Member of Parliament for Red Deer
- In office 1993–2008
- Preceded by: Doug Fee
- Succeeded by: Earl Dreeshen

Personal details
- Born: July 28, 1941 (age 84) Young, Saskatchewan, Canada
- Party: Conservative
- Spouse: Nicole Mills
- Profession: teacher, farmer

= Bob Mills (politician) =

Canadian former federal politician

Robert (Bob) Mills (born July 28, 1941, in Young, Saskatchewan) is a Canadian former federal politician.

==Early life==
Mills was born in Young, Saskatchewan but moved at the age of twelve to Saskatoon. He attended the University of Saskatchewan and graduated with a Bachelor's degree in Science and with an Education diploma. He then moved to Red Deer, Alberta and taught biology at Lindsay Thurber Comprehensive High School in Red Deer until 1979.

==Political career==
In 1979 Mills ran for the Alberta Social Credit Party in the provincial election, but was defeated finishing a close second to Norman Magee. He ran for a second time in the 1982 provincial election as an Independent. He finished second in that race, losing to Jim McPherson.

He then established a travel company and operated it until his election to the Parliament of Canada in the 1993 federal election for Red Deer as a member of the Reform Party of Canada.
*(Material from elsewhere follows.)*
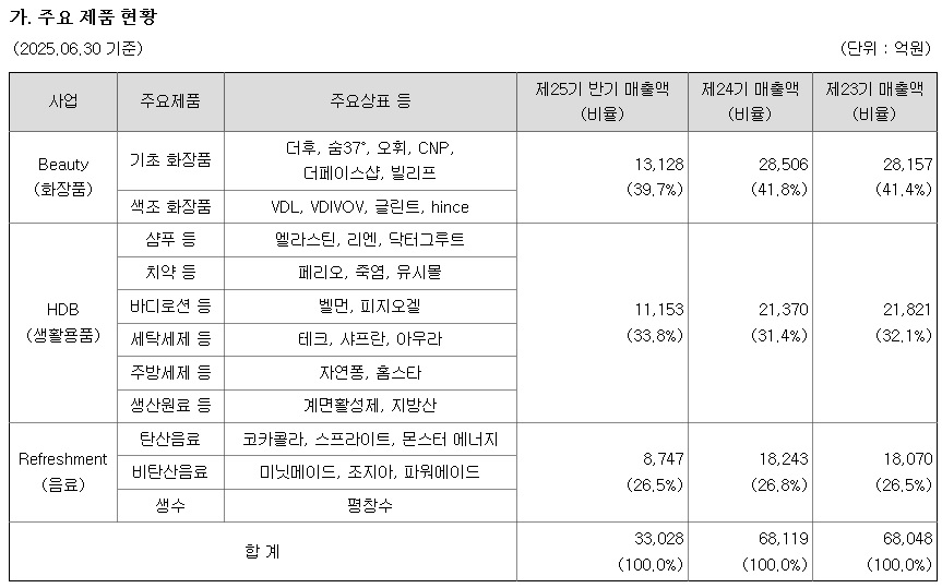 화장품 사업은 매출 4710억원, 영업적자 588억원을 기록했는데 대규모 물량 조절로 면세 매출이 급감했고, 이에 따른 비용 부담으로 적자를 낸 반면 CNP, VDL, 힌스 등 MZ세대 중심 브랜드는 신제품 출시를 이어가며 매출 확대에 주력하고 있습니다.

In subsequent elections Mills was re-elected as a member of the Canadian Alliance and the Conservative Party of Canada, in that order. He usually ran up some of the largest victory margins in Canadian politics, never winning less than 64 percent of the vote.

Mills served as the Conservative Party's environment critic in the shadow cabinet, until the Conservatives won the 2006 election. He then returned to the backbench until his retirement in 2008.

Mills announced on February 7, 2008, that he would retire at the next election.